New York City is no longer the center of the known world for me. How did that happen?
|Queensboro Bridge Approach, by Carol L. Douglas|
I told this to Cornelia Foss one time, as we were scooting north along Madison Avenue. She shuddered. Now I realize that’s because she was older and wiser. (I wish I could take another class from her. At 86, she continues to break new ground as a painter.)
Today I live in a state where the locals, by and large, drive the speed limit and are polite. You’ll never get anywhere here in Maine by driving aggressively. Jump the queue and there will just be another slow-moving vehicle ahead.
|Under the Queensboro Bridge, by Carol L. Douglas|
This was a strange concept in driving, but I learned to embrace it. Now I roll down my windows and enter that quiet state of pokiness that drives the visitors crazy.
Last time I drove to Queens to meet my pal Brad Marshall, I found myself really irritated with New York drivers. That same exuberance that once goaded me to pass on the right, to joyously sound my horn for no reason, to budge into the box at intersections—it all just annoyed me. We had somewhere to go, and Brad offered to drive. Rare for me, I happily agreed.
In my youth, I said that I would stop going to New York if the vista crossing the George Washington Bridge failed to move me. I saw it a lot in my younger days. I commuted from Rochester to take classes at the Art Students League. I had a crash pad with my friend Peter, on the Upper West Side. We would take classes all day and then I would drive home to Rochester. Rinse and repeat. If I die young, it will be with the consolation that I lived my life very fast.
|Underpass, by Carol L. Douglas|
I voided that test by moving east. I no longer use the GW to get into the city. Instead, I come down through Massachusetts and Connecticut. There’s no astonishment along that route.
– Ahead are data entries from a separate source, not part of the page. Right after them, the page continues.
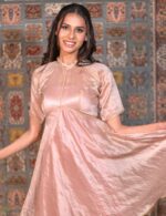 This peach Chanderi handkercheif dress with silver zari lining is paired with a scallop edging and pleated color. This would make a great addition to the posy wardrobe.
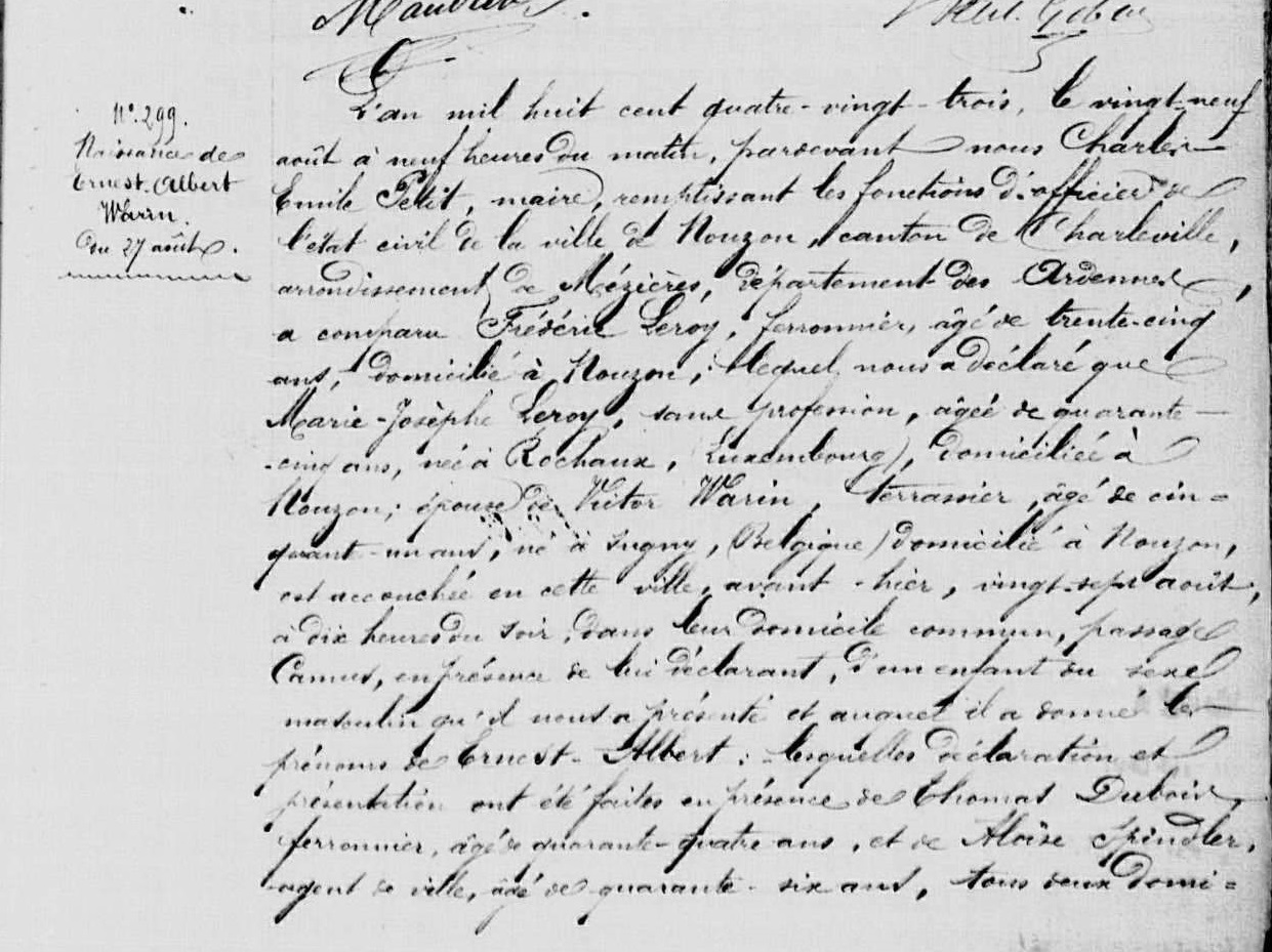 Acte de naissance (Source: Archives départementales des Ardennes,
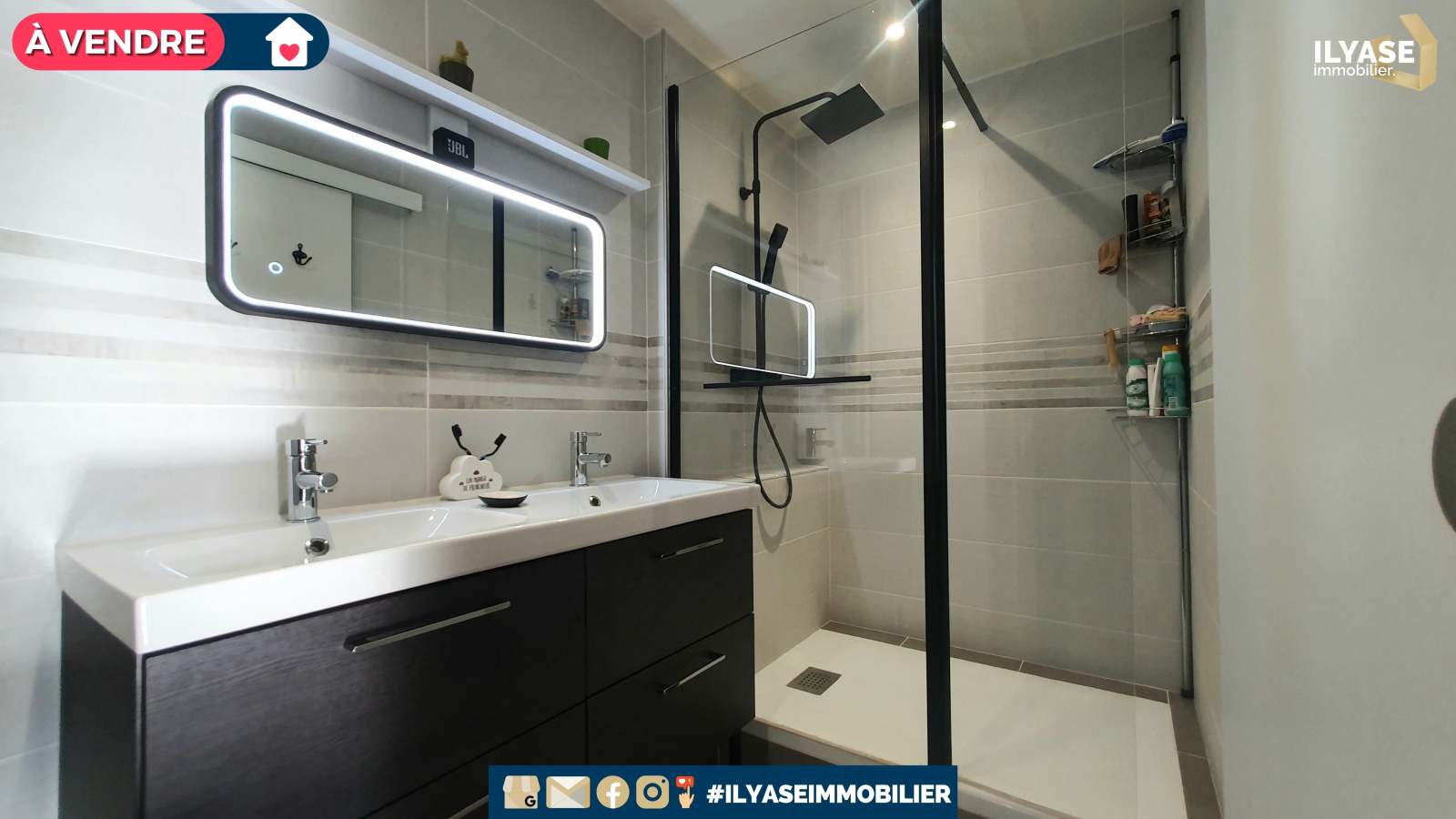 - Salle d’eau avec douche et vasque + miroir éclairé
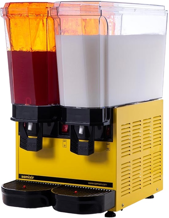 Сокоохладитель Samixir 40.SMY используется в ресторанах, кафе, барах, супер- и гипер-маркетах, магазинах, на предприятиях уличной торговли и в развлекательных центрах для охлаждения и розлива различных сокосодержащих напитков. Модель оснащена механическим термостатом, антивандальной чашей из поликарбоната, поддоном для сбора капель со встроенным индикатором воды.
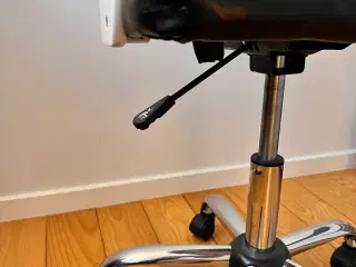Grå kontorstol på hjul. Få pletter på sædet. Ikke ryger hjem, men med kat.
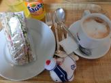 添乗員さんが、ツアーメンバーの分のテーブルを確保してくれていたので、サンドイッチとファンタオレンジをトレイに乗せてレジに並び、コーヒーはレジで注文。
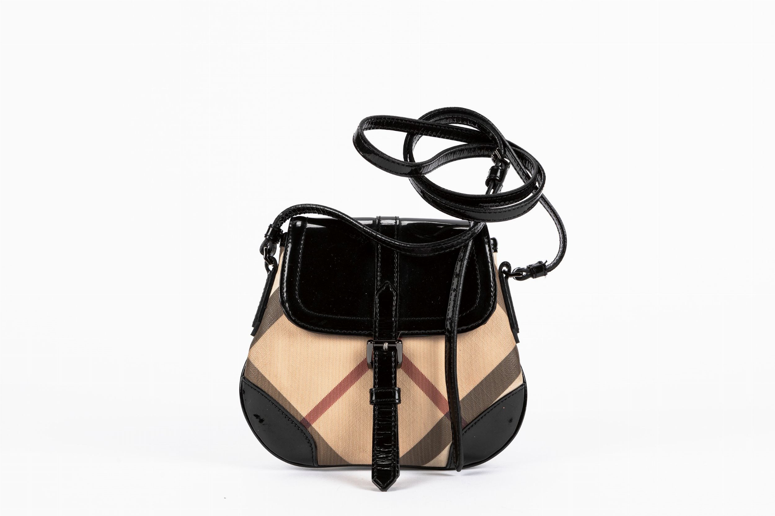 in tessuto plastificato, dettagli e tracolla in vernice color nero, cm 19 (difetti)
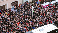 Velika euforija nastala je kad je autobus s rukometašima stigao do Trga.
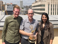 BMI’s Chris Dampier and Reema Iqbal flank 2017 Creative Arts Emmy winner Jeff Beal at his studio in Los Angeles. View Photo
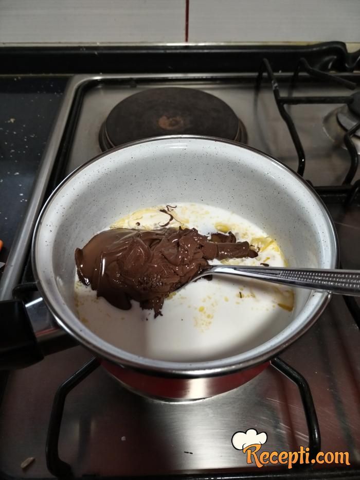 Za pripremu glazure: Sjedinite vruću slatku pavlaku i otopljenu čokoladu. Dodajte med i maslac. Promešajte da se sve otopi i sjedini.
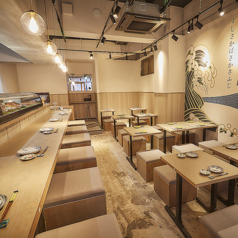 清潔感あふれるカウンターやテーブル席は、自然と会話がはずむ温もりある雰囲気。仕事終わりの飲み会や、気の合う仲間との語らいにもぴったり。肩の力を抜いて、ゆったり過ごせる店内です。
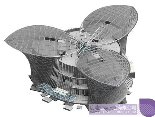 1、设计体型的复杂化以致于设计一开始就采用BIM参数化手段全过程设计,由于体型复杂,建筑、结构、幕墙三个专业的定位、构架、分割需相互契合,设计的过程中,由上述三专业人员在同一个BIM模型中协同工作。

The first sign I was growing cynical about New York came a few years ago, when I met a Southerner for a weekend. She remarked, in passing, at how filthy the city is. That’s one of those things, like your aunt’s fascinating chin hair, that everyone sees but doesn’t mention. But once she commented on it, I began to see detritus everywhere.
I used to love to paint in the city. Now I understand that was the granite calling to me. Much of New York, Washington and Chicago are built of Maine granite. Somehow, I enjoy it more in its natural state.
|Staples Street, by Carol L. Douglas|
This morning I’m heading back down to Westchester County for Rye’s Painters on Location. Brad’s floating around in the North Atlantic somewhere, but he loaned me his flat. I’m on my own for both painting and driving. Luckily, Painters on Location is always a blast, and I'll see lots of other friends there.
I still admire New York City, but I’ve met other art scenes that match my personality better. I’ll visit for a blockbuster show, or to see friends. But, as for it being the center of the known world, those days are, sadly, gone for me.